Dalam UUD
1945 dinyatakan bahwa “tiap-tiap penduduk diberikan kebebasan untuk memilih
dan mempraktikkan kepercayaannya” dan “menjamin semuanya akan kebebasan untuk
menyembah, menurut agama atau kepercayaannya”. Pemerintah, bagaimanapun, secara
resmi hanya mengakui enam agama, yakni Islam, Protestan, Katolik, Hindu, Buddha
dan Konghucu.
Dengan banyaknya agama maupun aliran kepercayaan
yang ada di Indonesia, konflik antar agama sering kali tidak terelakkan. Lebih
dari itu, kepemimpinan politis Indonesia memainkan peranan penting dalam
hubungan antar kelompok maupun golongan. Program transmigrasi secara tidak langsung telah menyebabkan
sejumlah konflik di wilayah timur Indonesia.

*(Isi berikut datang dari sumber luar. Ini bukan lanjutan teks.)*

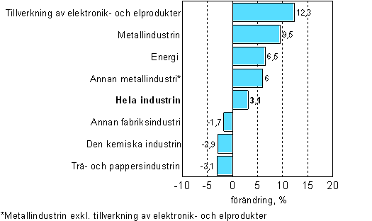Förädlingsvärdets andel av elektronikindustrin var 21 procent år 2004. Produktionen av elektronikindustrin har efter nedgången föregående år åter börja öka. Inom den övriga metallindustrin, vars andel var 24 procent mätt med förädlingsvärdet, har produktionen ökat under början av året.
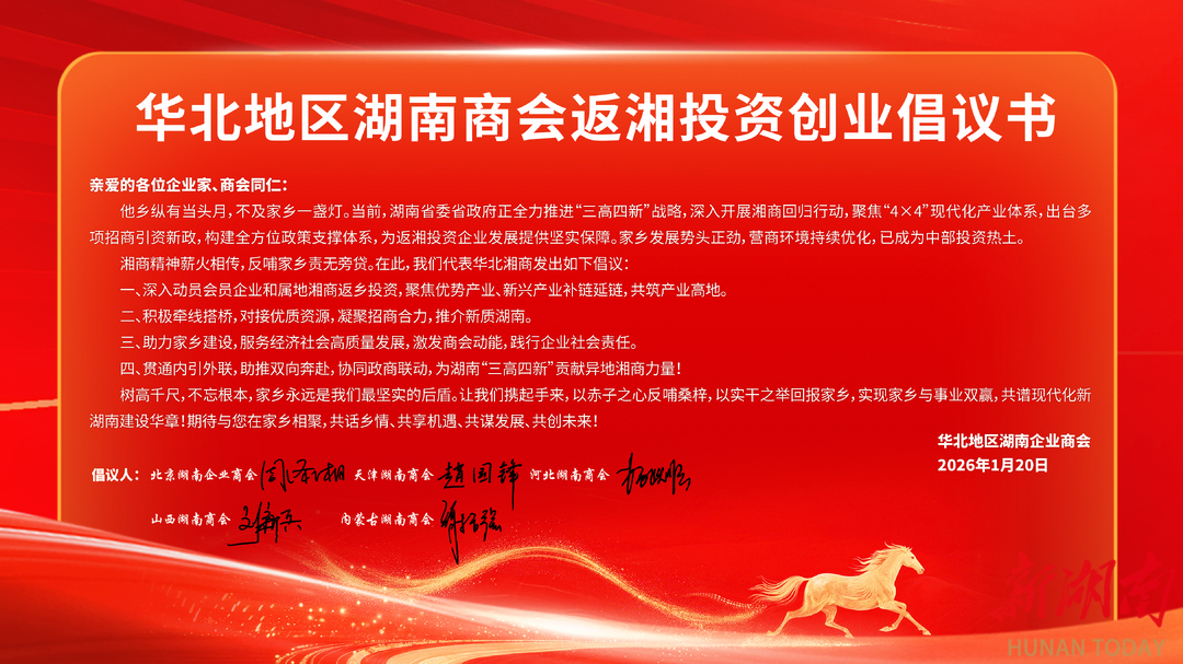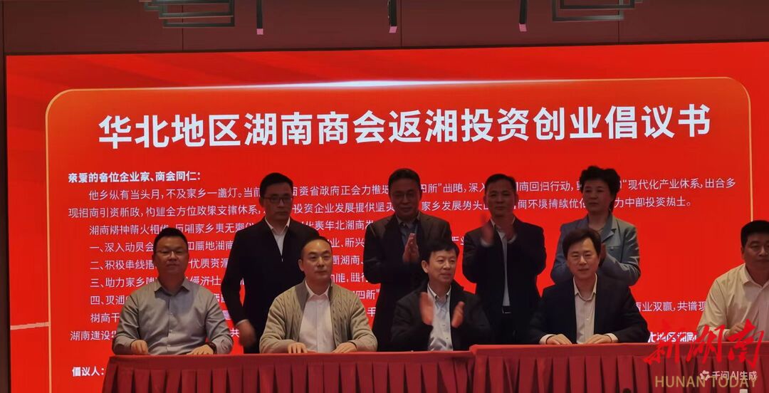 北京湖南企业商会会长周泽湘、天津市湖南商会执行会长张文武、河北省湖南商会执行会长易建元、山西省湖南商会副会长王宇、内蒙古湖南商会会长谢玉强共同发布回湘投资倡议书:深入动员会员企业和属地湘商返乡投资,聚焦优势产业、新兴产业补链延链,共筑产业高地;积极牵线搭桥,对接优质资源,凝聚招商合力,推介新质湖南;助力家乡建设,服务经济社会高质量发展,激发商会动能,践行企业社会责任;贯通内引外联,助推双向奔赴,协同政商联动,为湖南“三高四新”贡献异地湘商力量!

Berdasarkan sejarah, kaum pendatang
telah menjadi pendorong utama keanekaragaman agama dan kultur di
dalam negeri dengan pendatang dari India, Tiongkok,
Portugal,
Arab, dan Belanda. Bagaimanapun, hal ini sudah berubah
sejak beberapa perubahan telah dibuat untuk menyesuaikan kultur di Indonesia.
Berdasarkan Penjelasan Atas Penetapan
Presiden No 1 Tahun 1965 Tentang Pencegahan Penyalahgunaan dan/atau Penodaan
Agama pasal 1, “Agama-agama yang dipeluk oleh penduduk di Indonesia ialah
Islam, Kristen, Katolik, Hindu, Budha dan Khong Hu Cu (Confusius)”.
Islam : Indonesia merupakan negara dengan
penduduk Muslim terbanyak di dunia, dengan 88% dari jumlah penduduk
adalah penganut ajaran Islam. Mayoritas Muslim dapat dijumpai di
wilayah barat Indonesia seperti di Jawa dan Sumatera.
Masuknya agama islam ke Indonesia melalui perdagangan.
Hindu : Kebudayaan dan agama Hindu tiba di
Indonesia pada abad pertama Masehi, bersamaan waktunya dengan kedatangan agama Buddha,
yang kemudian menghasilkan sejumlah kerajaan Hindu-Buddha seperti Kutai,
Mataram
dan Majapahit.
Budha : Buddha
merupakan agama tertua kedua di Indonesia, tiba pada sekitar abad keenam
masehi. Sejarah Buddha di Indonesia berhubungan erat dengan sejarah Hindu.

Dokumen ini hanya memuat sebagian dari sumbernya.